I don’t know how long it took to perform the attack, but the attempts to find the first character of the password only took 0.7 seconds, the last character took 21.4 seconds per attempt.

In the end I was greeted with the following:

weekend@haxtop:~$ time ( echo "10e004c2e186b4d280fad7f36e779ed4" | nc 35.207.132.47 1337)
Please enter the very secret password:
35C3_timing_attacks_are_fun!_:)

Conclusion

Use proper hashes

Pretty similar to the previous writeup, don’t write your own weird hashing implementations if you don’t know what you’re doing.

If they just hashed the password once using sha256 it would have taken a very long time to crack that password.
In fact lets look at how long exactly.

If we assume the characters were lowercase alphanumerical, we’d have 36 possible characters (0-9,a-z). There are 32 characters. That would result in $36^{32}$ possible combinations. Let’s assume we got a nice computer capable of doing 1000000 hashes per second:
$36^{32} = 6.334028666\times10^{49} \text{ combinations} \\ 36^{32} \text{ combinations} \quad/\quad 1000000 \text{ hashes/sec } = 6.334028666\times10^{43} \text{ seconds} \\ 6.334028666\times10^{43} \text{ seconds} \quad/\quad 60 \text{ seconds} = 1.055671444\times10^{42} \text{ minutes} \\ 1.055671444\times10^{42} \text{ minutes} \quad/\quad 60 \text{ minutes} = 1.759452407\times10^{40} \text{ hours} \\ 1.759452407\times10^{40} \text{ hours} \quad/\quad 24 \text{ hours} = 7.331051694\times10^{38} \text{ days} \\ 7.331051694\times10^{38} \text{ days} \quad/\quad 360 \text{ days} = 2.036403248\times10^{36} \text{ years} \\$
Even if you have a computer 10, 100 or 1000 times faster than the example 1 million hashes per second it’d still take way too long. Compared to the $36\times32=1152$ attempts max it’d take to crack these hashes.

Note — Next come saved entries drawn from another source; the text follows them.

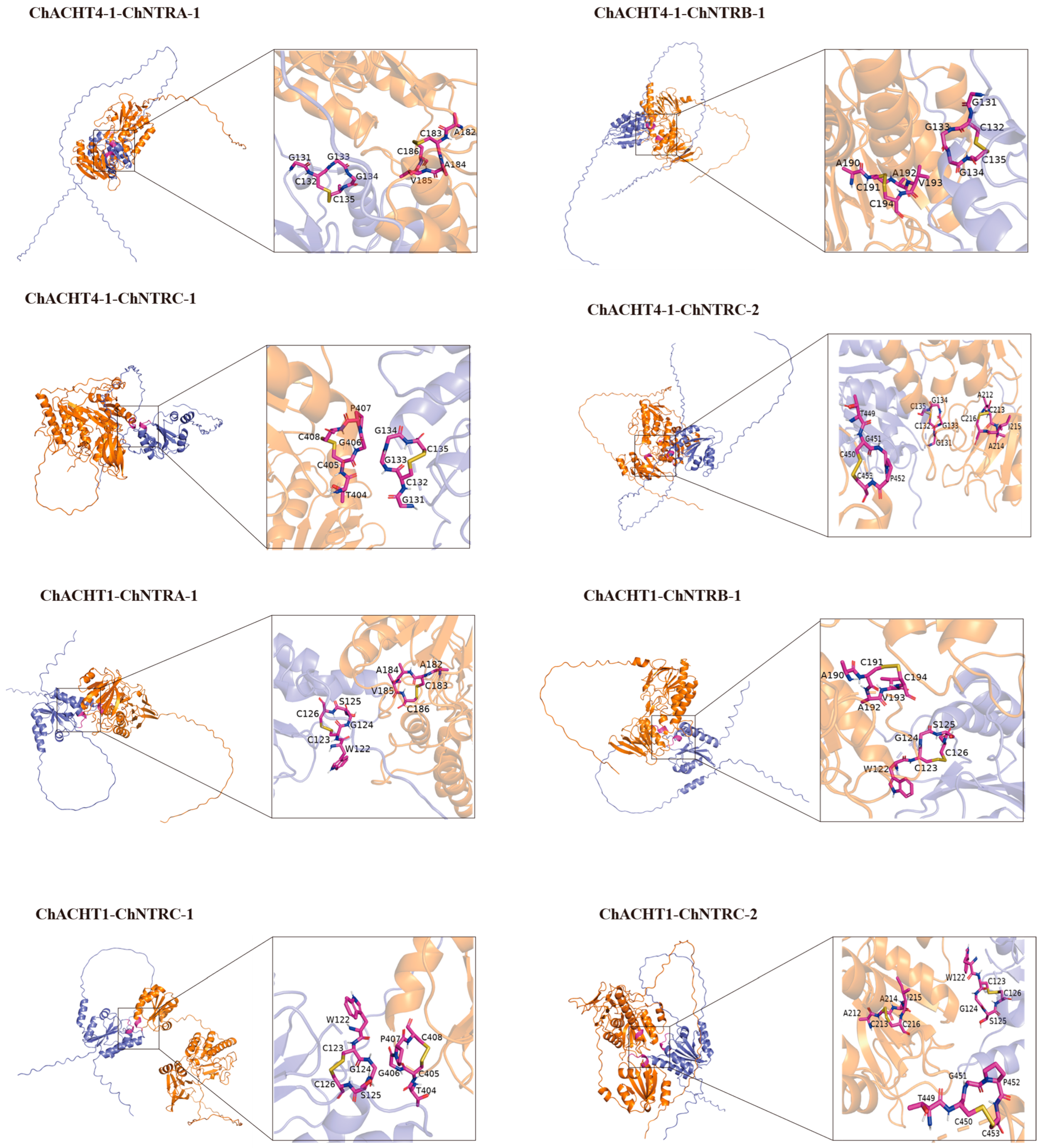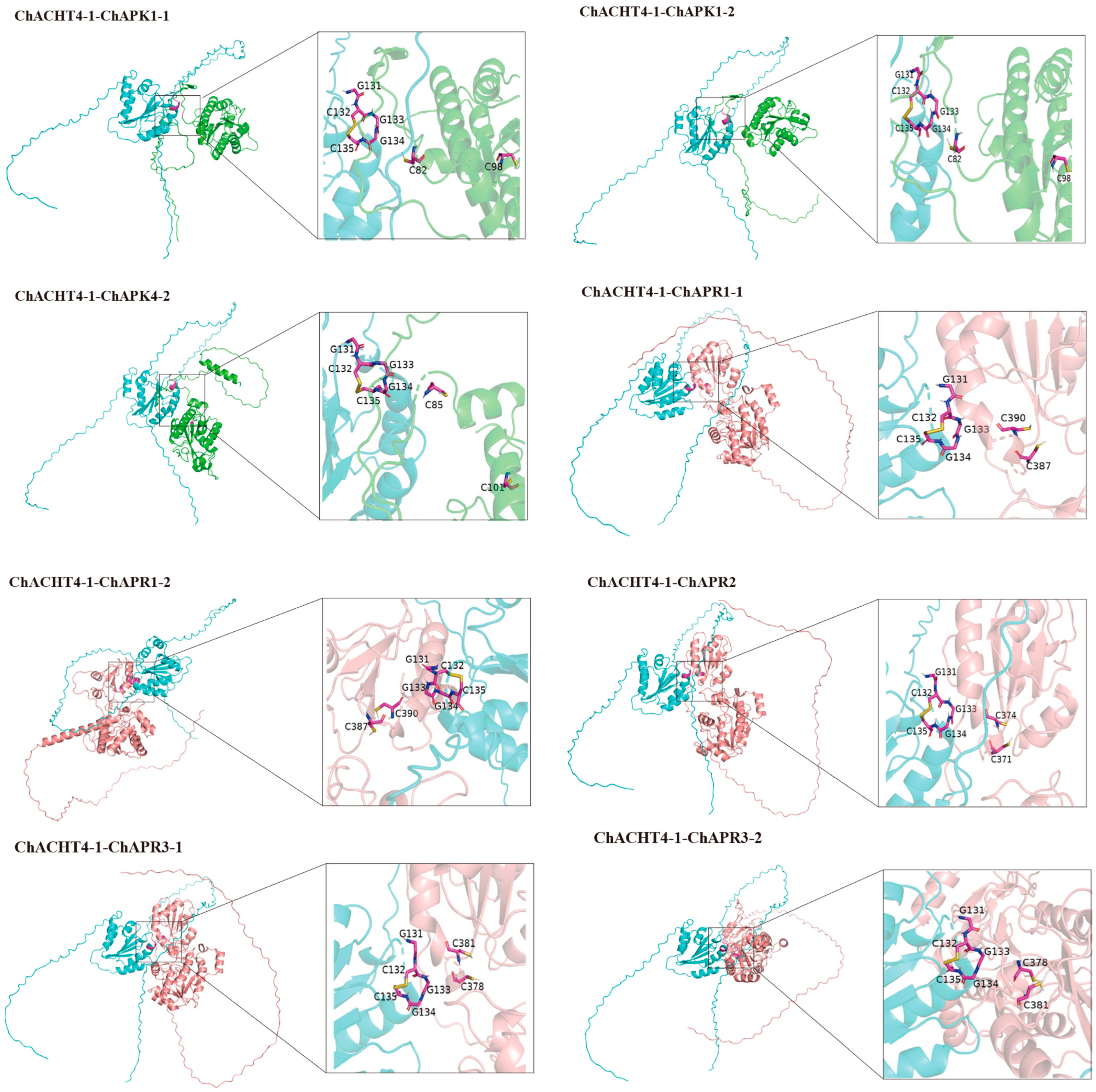 Based on existing research, members ChAPK1-1, ChAPK1-2, and ChAPK4-2 of the APK family possess sites for disulfide bond formation, while all 5 members of the APR family contain sites for disulfide bond formation [48]. Since TRX regulates target proteins’ redox state through disulfide bonds in its redox-active center, this study used the HADDOCK [49] website to predict the redox interactions between TRX and APK/APR. Expression analysis under selenium stress identified five TRX genes with high responsiveness to abiotic stress: ChTRX-y1-1, ChTRX-y1-2, ChTRX-m3-1, ChACHT1, and ChACHT4-1. These were selected for protein-protein docking with members of the APK and APR families. Protein modeling was performed using AlphaFold3, and the oxidized states of the target proteins were generated using Maestro. Docking simulations with reduced ChACHT4-1 revealed that the disulfide bonds at the active sites of all eight target proteins—including ChAPK1-1, ChAPK1-2, ChAPK4-2, ChAPR1-1, ChAPR1-2, ChAPR2, ChAPR3-1, and ChAPR3-2—were reduced. Concurrently, a new disulfide bond formed between Cys132 and Cys135 within the GCGGC active site of ChACHT4-1 (Figure 9 and Figure S4). These results indicate that ChTRX can regulate the reduction process of APK and APR proteins.
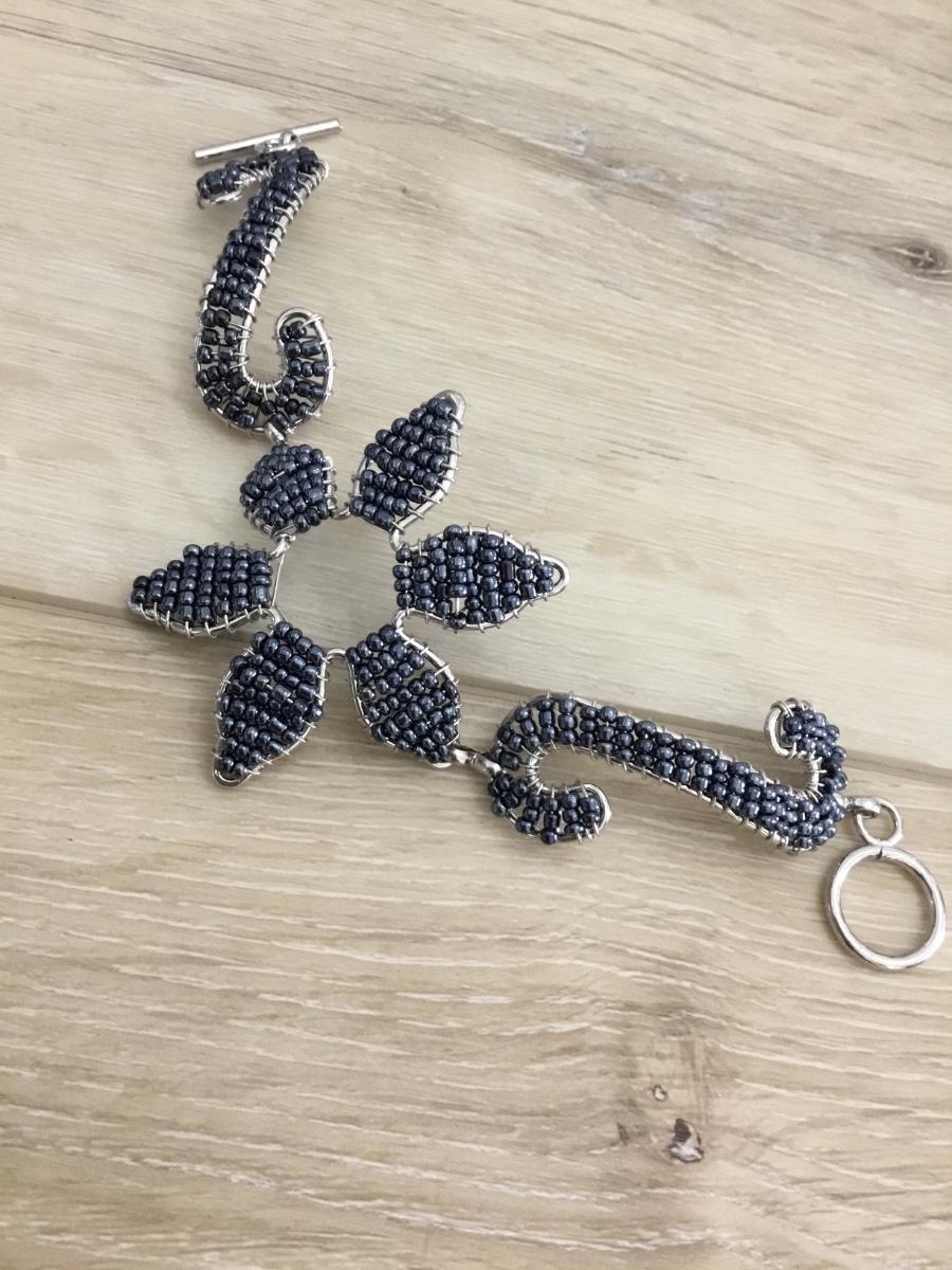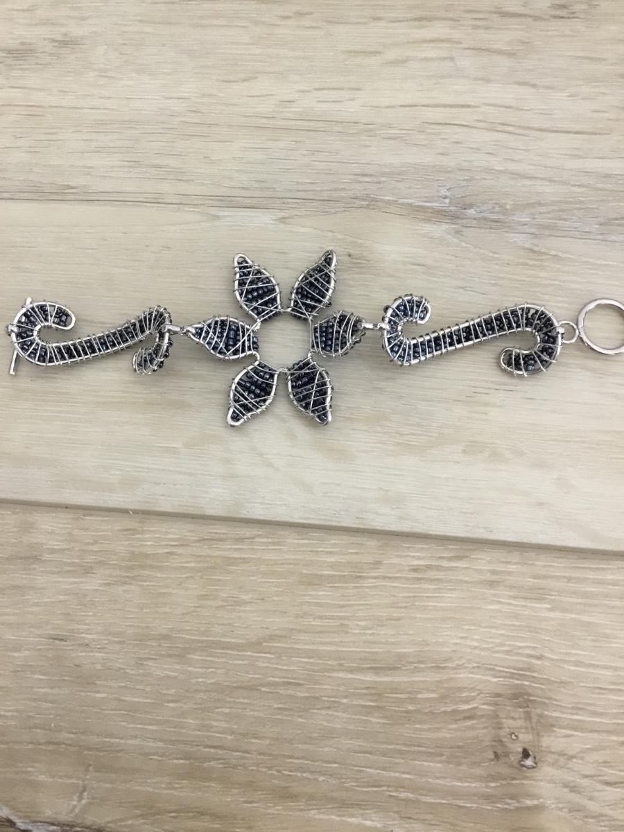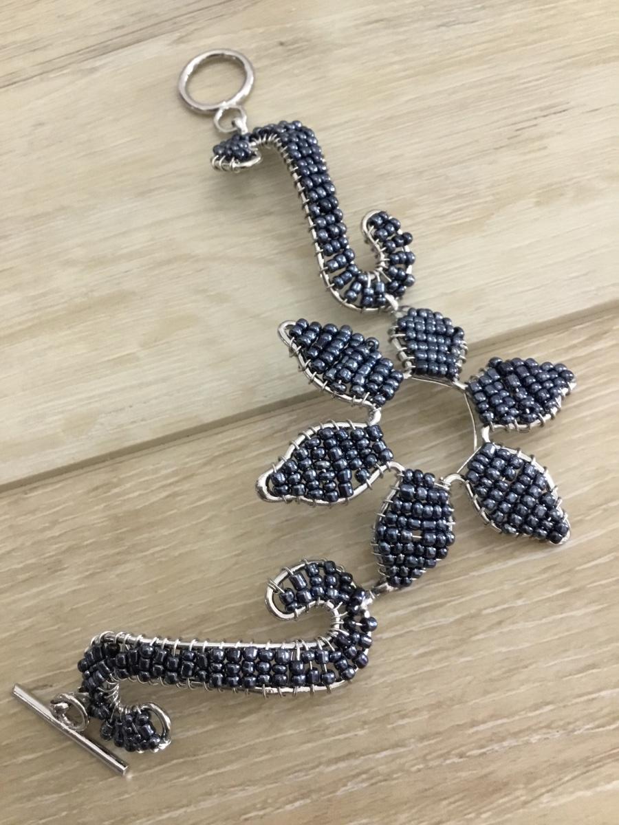 Gorgeous, silver tone wire wrapped Seed bead toggle bracelet
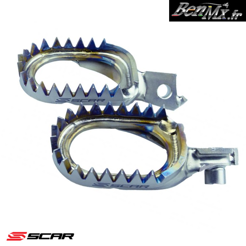 Repose pieds Titane SCAR Anti-boue SUZUKI 250 RMZ 2010/2023 - 450 RMZ 2012/2023 Fabriqué en Titane type aéronautique Ti-6AL-4V Les repose-pieds font 60mm de large Soudés à la main Haute qualité et haute performance Ultra léger, environ 280g/paire 18 dents pour un grip accru et une meilleure stabilité Idéal dans les conditions extrêmes Utilisé par les Teams Factory
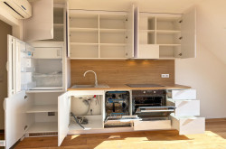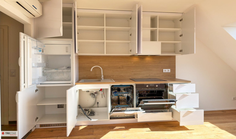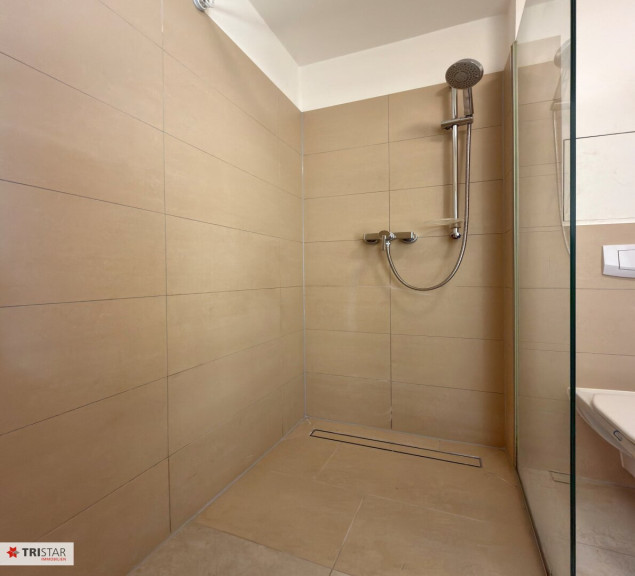 Parkett, Fliesen, Fußbodenheizung, Einbauküche, Wohnküche / offene Küche, Dusche
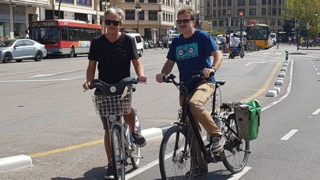El regidor ha explicado al urbanista canadiense-danés «las medidas que hemos impulsado en estos tres años» y «los avances que tenemos previstos para el futuro», con el objetivo de que «todas estas mejoras se afiancen en el presente y en el futuro de la ciudad». Colville-Andersen, asesor en 115 ciudades de todo el mundo en materia de urbanismo sostenible, ha señalado que València sigue «la tendencia internacional de crear una ciudad mejor con un sistema de transporte más eficiente», en la línea de otras urbes como Vancouver y Toronto (Canadá) o Melbourne (Australia). El consultor ha asegurado que «la construcción de una infraestructura para bicicletas es una señal de que València es una ciudad moderna».
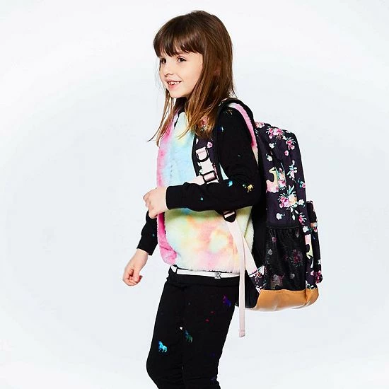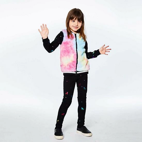 She’s sure to love the colorful look and cozy feel of our Plush Sleeveless Vest Rainbow. This sleeveless vest features a zip front closure, solid trim around the armholes and neck, and a striped rib knit hem. It’s a perfect complement to any outfit in our Unicorns Are Forever collection.
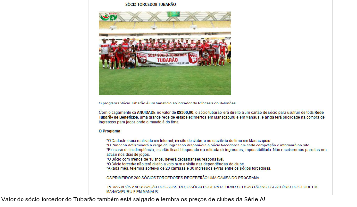 Mas não é só nos ingressos que a diretoria do Princesa do Solimões crê que o clube é da elite. O programa de sócio-torcedor do Tubarão também está salgado. Os interessados desembolsam R$ 300 por ano. O torcedor terá direito a apenas "um cartão de sócio para usufruir de toda Rede Tubarão de Benefícios, uma grande rede de estabelecimentos em Manacapuru e em Manaus, e ainda terá prioridade na compra de ingressos para jogos onde o mando é do time".

Timing attacks aren’t hard to prevent once you know how they work. So just remember this challenge and don’t make these kinds of silly mistakes.

Rust seems okay

The final conclusion is that rust seems nice but I still have an irrational dislike towards package managers for languages. The Cargo.lock file was almost 3 times as long as our 45 lines of actual code because it has a single dependency (which had several dependencies of its own, and they had some, etc etc). Also how does version 0.3.22 of the rand package depend on version 0.4.3 of that same package?

No point to keep complaining about this way of coding though, all languages seem to be going this way despite all the problems it repeatedly causes.